[TheThinkTank] alternative payment/stipend structures

Macho Philipovich macho at resist.ca
Mon Feb 4 14:30:11 PST 2008

kyle mckinley wrote:
> It seems to me that what needs to be interjected into this 
> conversation is questions of class. Sure, if there are no paid staff 
> at a bike project, there is a perception of equality. But who is it 
> that has time to 'give' to a project? I'm not, by any means, saying 
> that if you volunteer your time, you aren't working class, but I think 
> that a cursory examination of community bike shops reveals that they 
> are mostly operated by young white men. At the very least, I think 
> that we can agree that this is a group that possesses certain other 
> privileges in this society, privileges that might make it easier to 
> 'donate' a lot of time to a project you love. Many projects have found 
> that paying a living wage has increased gender equity in their shop, 
> and I would guess that it will increase the proportion of non-white 
> core members as well. Both of these factors make the shop more 
> friendly/ accessible to exactly the portions of our communities that 
> probably have the most trouble getting bike help via traditional 
> routes (bro-ing out with the mechanic dude down at the legit bike shop).

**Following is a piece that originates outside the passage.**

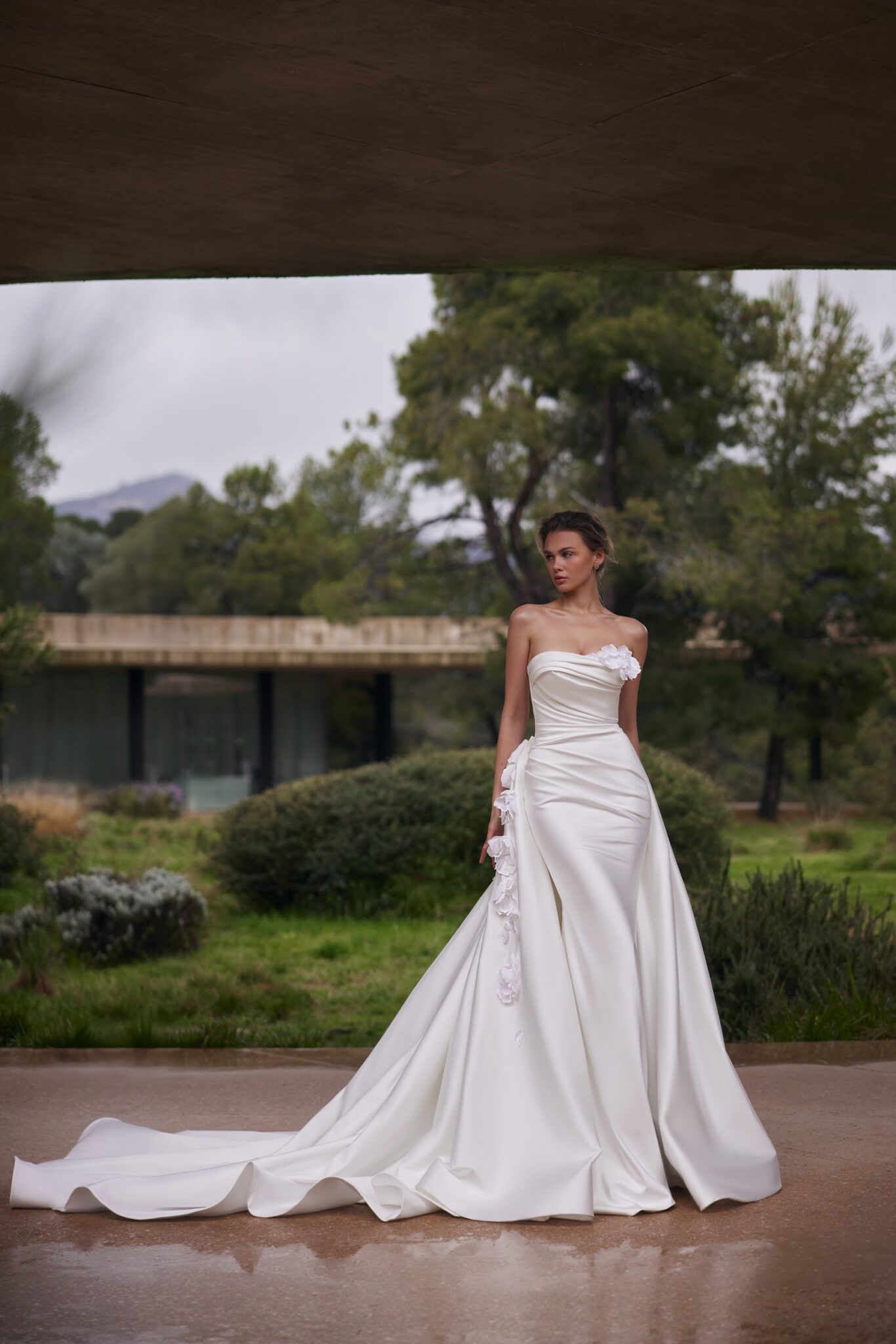The gown features a long, flowing train, which attaches securely at the waist using discreet lacing. This fastening system is both reliable and nearly invisible, ensuring a seamless look from every angle.

I've got a follow-up question to this for all of the shops out there.  
I've always been skeptical about how paid staff would affect our shop.  
We have always been all-volunteer.  The one advantage I saw in it was 
the possibility of redressing class or race imbalances in the way you 
mention.  On the other hand, my impression of most shops with hired 
staff, even the ones who use class and race as an explicit justification 
for it, is that they seem to be no more diverse along race and class 
lines than our shop, usually less.  My impression may totally be wrong, 
so I'd love to hear from other places about this.  Does your experience 
with hired staff show an improvement in class/racial diversity?

As an aside, I might sometimes seem the grumpy naysayer, but I should 
mention that I love this list (and Bike!Bike!) for giving a space for 
critical, thoughtful, and constructive discussion to happen around 
race/class/gender/antioppression/etc in the bike world.  Thanks everyone.